Title: Spatially Stable GUI Grounding via Zoom Consistency Loss
Authors: Moon Ye-bin (POSTECH), Jiyeon Son (KAIST), Tae-Hyun Oh (KAIST)
GUI grounding, the task of localizing target UI elements from natural language instructions on a screenshot, is a core capability for GUI agents, yet remains challenging due to dense layouts and small elements in high-resolution interfaces. While inference-time zoom methods improve accuracy by re-running inference on cropped regions, they require multiple forward passes per grounding call, making them costly for multi-step agent deployment. Through controlled experiments, we find that models already possess sufficient visual understanding of target elements; what they lack is stable spatial focus under cluttered, high-resolution inputs, a problem we term spatial instability. To address this, we propose a Zoom Consistency Loss, a lightweight auxiliary training objective that enforces agreement between predictions on the original screenshot and on zoomed crops of the same image. At inference time, the model requires only a single forward pass with no additional overhead. Experiments across multiple benchmarks show consistent improvements, with particularly strong gains on the high-resolution ScreenSpot-Pro dataset (+3.80), demonstrating zoom consistency as an effective regularizer for spatially stable grounding.
Title: From Numbers to Narratives: Goal-Oriented Summarization of Machine Learning Model Differences
Authors: Nam Hyeon-Woo (POSTECH), Tae-Hyun Oh (KAIST), Zeynep Akata (Technical University of Munich), Stephan Alaniz (Télécom Paris, Institut Polytechnique de Paris)

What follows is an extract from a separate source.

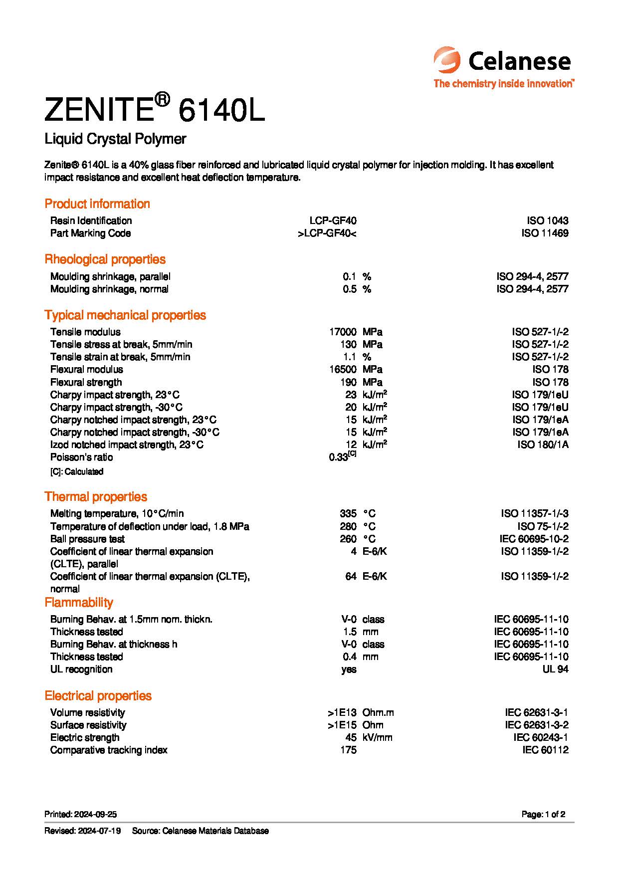 Product Features: Flame Retardant,Heat Stabilized,High Flow,Injection Molding,Lead Free Soldering, 40% glass reinforced, lubricated

Non-experts can now obtain natural-language explanations of how two ML models differ by feeding numerical results to an LLM-based agent. However, naively prompting an LLM often omits critical conditions, and non-experts often cannot easily detect these omissions, which can mislead downstream conclusions. We formulate this as goal-oriented summarization and propose Condenser, an iterative method that optimizes an explanation against two objectives: Completeness (faithfulness to observed differences) and Density (informativeness per unit length). Condenser+ extends Condenser with an LLM-based Explorer that actively selects conditions to evaluate. On four settings of increasing complexity (Colored MNIST, Fitzpatrick17k, Dollar Street, and open-condition gender classification), our methods produce concise and complete explanations. They also support downstream LLM tasks, prompt refinement on CelebA and subset benchmarking on Flickr30K, where measurable improvements further validate the effectiveness of our method. Goal-oriented summarization thus yields explanations that are concise, complete, and useful for downstream LLM tasks.